Task directions: Print exactly the lines below between the line containing "У кожній класній" and the line containing "Cocktail hour gets", counting both of those lines. Leave pictures out.

Data extract:
---------------

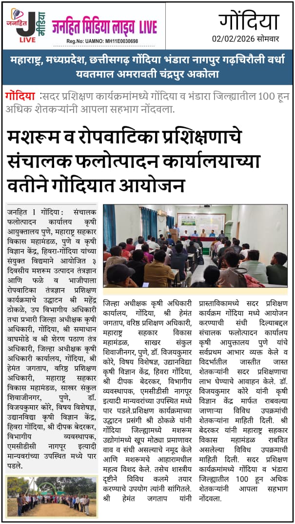 संचालक फलोत्पादन कार्यालय कृषी आयुक्तालय पुणे, महाराष्ट्र सहकार विकास महामंडळ, पुणे व कृषी विज्ञान केंद्र हिवरा-गोंदिया यांच्या संयुक्त विद्यमाने मशरूम व रोपवाटिका प्रशिक्षणाचे आयोजन |
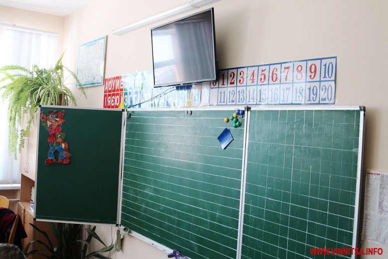 У кожній класній кімнаті плазмовий екран над дошкою. Нові шафи, полиці. При вході умивальник.
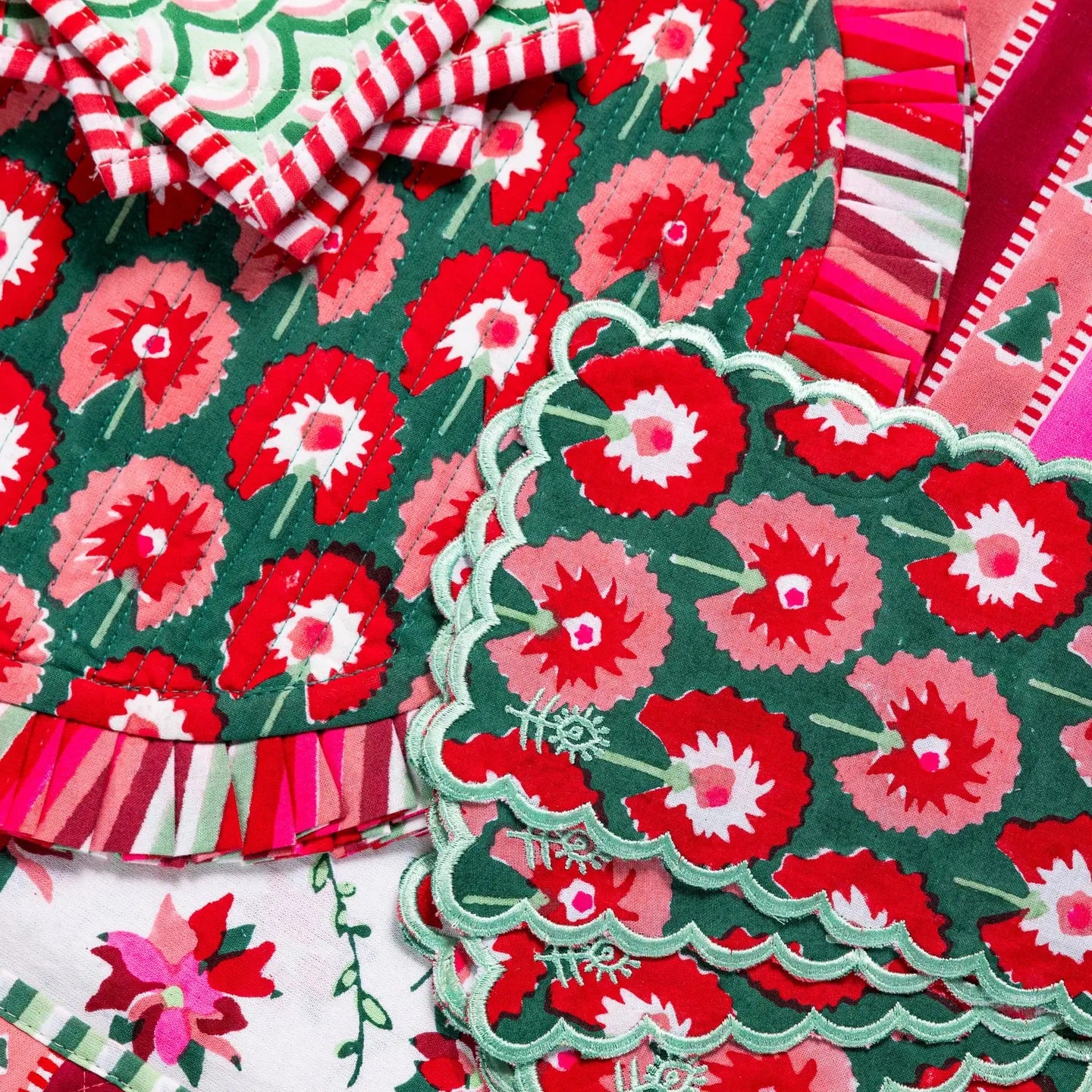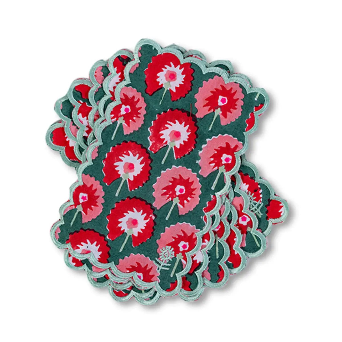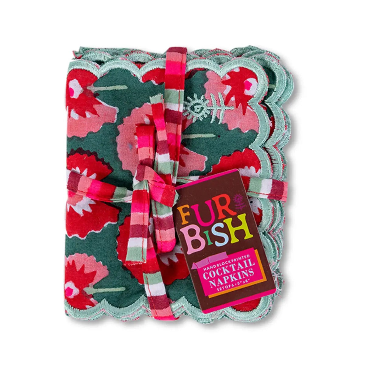 Cocktail hour gets extra festive with our exclusive blockprint cocktail napkins. Handmade in India, the charming color combo and chic striped trim make a bold statement. Add to your own bar cart or they make an excellent gift.
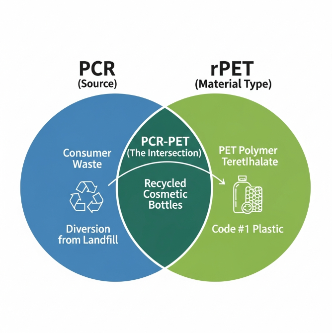 A diferença entre um frasco de cosmético PCR e um frasco de cosmético rPET é de escopo e origem. O termo rPET é uma descrição técnica da identidade química do plástico, enquanto o PCR é o padrão ouro para definir sua origem ética.

---------------

Solution for this exercise:
 У кожній класній кімнаті плазмовий екран над дошкою. Нові шафи, полиці. При вході умивальник.
 Cocktail hour gets extra festive with our exclusive blockprint cocktail napkins. Handmade in India, the charming color combo and chic striped trim make a bold statement. Add to your own bar cart or they make an excellent gift.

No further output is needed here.